US performers staying in disused bunker to avoid Fringe rent costs

Alphabet Soup are living in a Cold War era bunker after being quoted £30,000 to rent accommodation in the city centre.

A group of performers who travelled from the US to take part in the Fringe are staying in a disused nuclear bunker to combat the soaring cost of accommodation in Edinburgh.

The LGBTQI+ group Alphabet Soup have set up camp in the Barnton Bunker on the edge of the city after being quoted £30,000 to rent accommodation in the centre of Edinburgh for the month of August.

They managed to strike a deal to allow them to stay there to help raise the profile of the Cold War era bunker.

Seven Graham is the producer and a performer in the group.

He said: “I was in tears because I thought I would have to tell all these comedians who have got really excited about coming to Edinburgh that we’d have to cancel.

“I ended up purchasing three trailers – we’re peeing in a portacabin and all sharing one shower – but we’re here.”
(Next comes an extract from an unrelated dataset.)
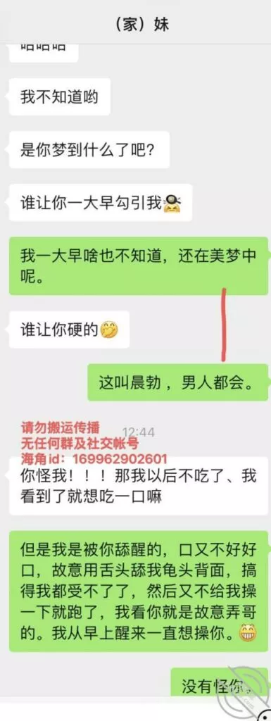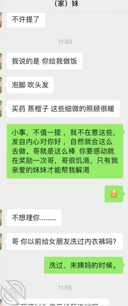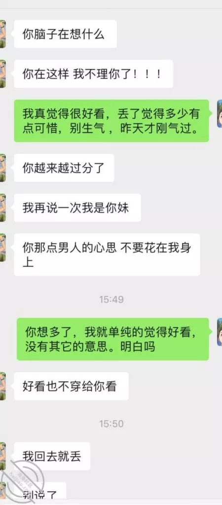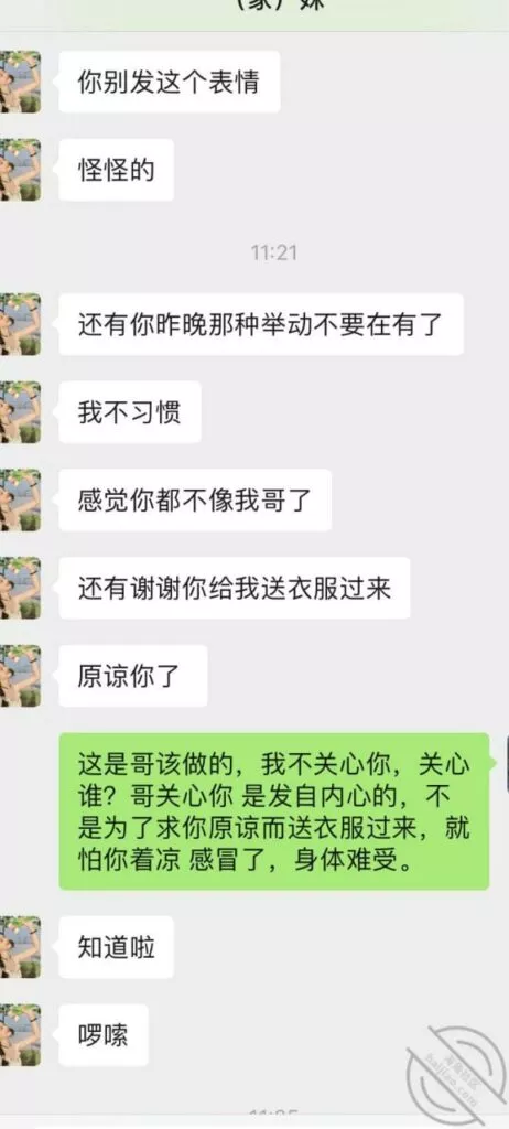 我和妹妹生活在南方的一个小城市,今天突然天气降温了,真是天助我也,早上我起来给我妹煮饺子,然后她去上班了 ,我看她没穿多少衣服 我就拿了件外套送到她公司,到了才跟她说 多少可能有点感动吧,女孩子嘛只要有人关心 这招都会很受用,然后我就走了,想一想我看这可是好兆头 然后微信上借着总结自己的错误同时又提昨天的事顺便把发现她情趣内衣的事也拿出来说了,哈哈 是不是有点得寸进尺 ,(详情见聊天记录)编辑帖子的时候她在回复我,后续有突破我在更新给各位。

Steve Goodie is a comedian from Nashville.

After performing in last year’s festival, he decided to take part in the Free Fringe this year to help save money but says the costs still add up.

He said: “This year the goal is to break even – if we make money then great but we are not expecting to.

To take part in the Free Fringe is approximately $250 per show – you also have to register with the overall Fringe and that’s more money.

“I don’t know how most people perform in the Fringe without being from here – being from here saves a lot of money in travel and in lodging.”

Jay Lafferty is a comedian based in Edinburgh. While she does not have to worry about accommodation costs, she says the rising cost of living means performing at the festival is becoming harder.

She said: “There’s always that excitement of the Edinburgh Fringe – you spend all year working towards it and  it is this amazing showcase of talent.

“The other aspect is that it’s absolutely terrifying that you might not be able to pay your mortgage in September because you’ve not made any money in August.”

The deputy chief executive of the Edinburgh Festival Fringe Society Lyndsey Jackson said they are encouraging performers to stay outside the city centre and take advantage of public transport.

“The city is very commutable – it’s about trying to make artists understand that while it’s nice to be staying a 15 minute walk from your venue, there are loads of other options that are affordable.

“The average ticket cost at the Fringe is still less than £12 – there are hundreds of free shows, pay what u want shows and street performers so there are ways to do the Fringe on a budget.”